Она сухо кивнула мне и показала глазами на дверь подсобки, я нырнул в заставленную ящиками и коробками клеть, и она вышла мне навстречу из-за шторки:

– Ну?

– Стакан.

– Два рубля.

Она наливала водку, томя меня дополнительными секундами ожидания, сначала в мензурку – наверное, для того, чтобы точнее самой знать, сколько недолила. И отодвинула меня от тарированной стекляшки подалее своим рыхлым огромным плечом, и на лице не было черточки человеческой – только губы еле шевелились.

Ап! А-ах! Ой-ой-ой! Пошла по горлышку, покатилась. Полыхнуло пламя, задохся. И тишина.
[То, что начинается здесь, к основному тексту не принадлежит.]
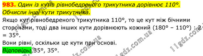 Один із кутів рівнобедреного трикутника дорівнює 110°. Обчисли інші кути трикутника. Якщо кут рівнобедреного трикутника 110°, то це кут між бічними сторонами, тоді два інших кути дорівнюють кожний (180° – 110°) : 2 = 35°. Вони рівні, оскільки це кути при основі. Відповідь: 35°, 35°.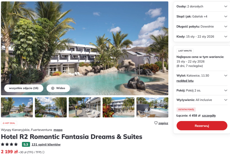 Wylot z Katowic na Fuerteventurę to świetny sposób, by zacząć przygodę na jednej z najbardziej słonecznych wysp archipelagu kanaryjskiego. Na miejscu czeka hotel R2 Romantic Fantasia Dreams & Suites – czterogwiazdkowy obiekt, który łączy wygodę z klimatem sprzyjającym relaksowi.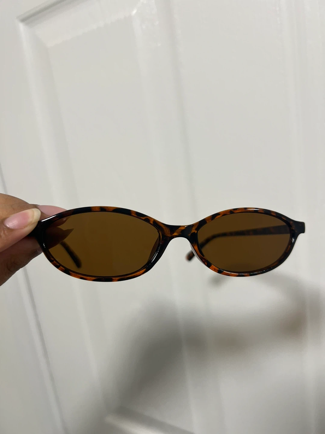 These beautiful oval sunglasses feature a classic leopard pattern. They're a stylish accessory for sunny days. Made with durable plastic frames.

Открыл глаза – смотрит на меня Дуська равнодушно, оценивающе – на сколько еще стаканов располагаю.

Я только один раз видел на ее красномясом лице человеческое выражение – гримасу страдания. У нее чудовищно болел коренной зуб. Но смениться и пойти к врачу она не хотела ни за что – пропал бы весь профит за смену. Она страдала, но, как настоящий боец, погибая от боли, свой боевой пост не покидала. Я был в тот момент как сейчас – на первом веселом кайфе, когда все легко, никого не жалко и душа закипает жестоким озорством. Я сказал ей:

– Давай вырву зуб. И все пройдет…

Окинула меня оценивающим взглядом:

– А умеешь?

– Чего тут уметь…

– Чем рвать будешь? – деловито спросила Дуська.

– Пломбиром, – кивнул я на никелированные толстые клещи, которыми она опечатывала буфет.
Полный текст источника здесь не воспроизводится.